At the tender age of 12 months our son was constantluy sick with colds and with a runny nose being his constant companion he had convulsions and spent time in the local hospital and then to a city hospital for further testing to find out what was wrong with him only to be sent home again with the doctors saying their was nothing wrong with him. Finally at the age of 18 months it was suggested we take him of dairy products which we were dubious about but we were desperate so decided to give it a try the change in him was amazing after only 10 days he was a totally different little boy no longer the snuffly sickly child but a happy lively healthy boy . I dont dont think he would have survived if we had not changed our eating habits and he is now a tall strong 40 year old with strong bones and perfect teeth never any broken bones even with him being a very active sportsman and he is now bring his childre up the same way Makes you think doesn,t it when companies come out with articles like this one me thinks its all to do with their bottom line and not the health of the general population

20-Apr-2017 at 05:22 GMT

Larsen James - 19 Apr 2017 | 07:19

20+ nutrients

The most comprehensive research re bones is the NASA work.

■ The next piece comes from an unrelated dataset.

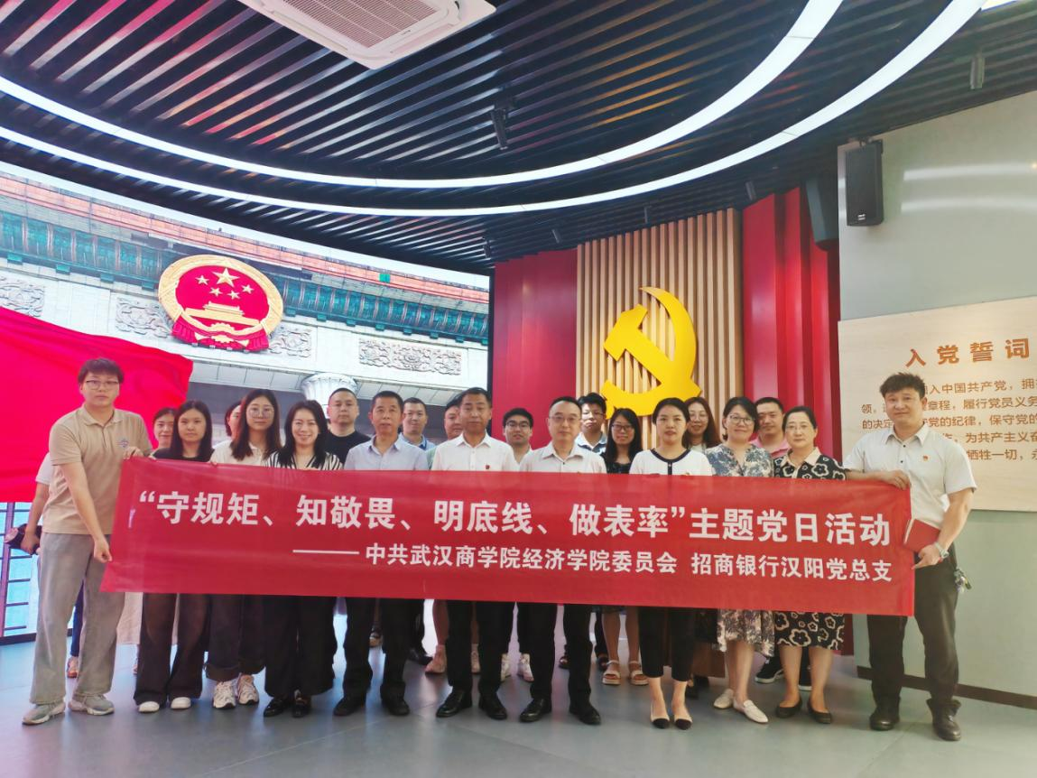 为促进党建与业务融合,促进校银之间的交流与合作,6月18日下午,中共pg电子中国官方网站经济学院委员会联合招商银行汉阳党总支开展“守规矩、知敬畏、明底线、做表率”主题党日活动,30余名党员参加。本次活动由经济学院党委副书记张红权主持。
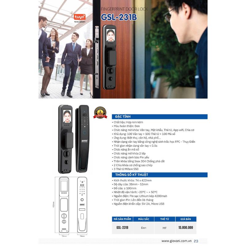 - Chức năng mở khóa: Vân tay, Mật khẩu, Thẻ từ, App wifi, Chìa khóa cơ

Bones are a protein-mineral matrix that is filled with fat and stem cells that make blood. They get bigger/stronger with impact/weight bearing exercise. In the recent AF study, they found 25% of women and 9% of men arrived for training iron anemic. Treating the anemia and issuing a multi to the women decreased injuries and attrition by 50%. Milk consumption has dropped dramatically (WOTN). In fact, milk can be hard to find in military mess halls. Even if it was there, today's youth would still go for the colas. Therefore you really need a better milk beverage. In the Lappe study of 4,000 women in Army BCT, roughly 20+% had poor bone status largely due to a Hx of poor nutrition, poor exercise, smoking (interferes with bone remodeling), amenorrhea, etc. So, true, dairy products are an important source of calcium. Lappe in the Navy BCT study gave recruits 2,000 mg of calcium and 800IU of D which reduced stress fractures by 20%. The 2,000 mg dose was based on Klesges research of sweat losses in athletes. NOS needs to develop a comprehensive and accurate bone health model in order to be an ethical organization.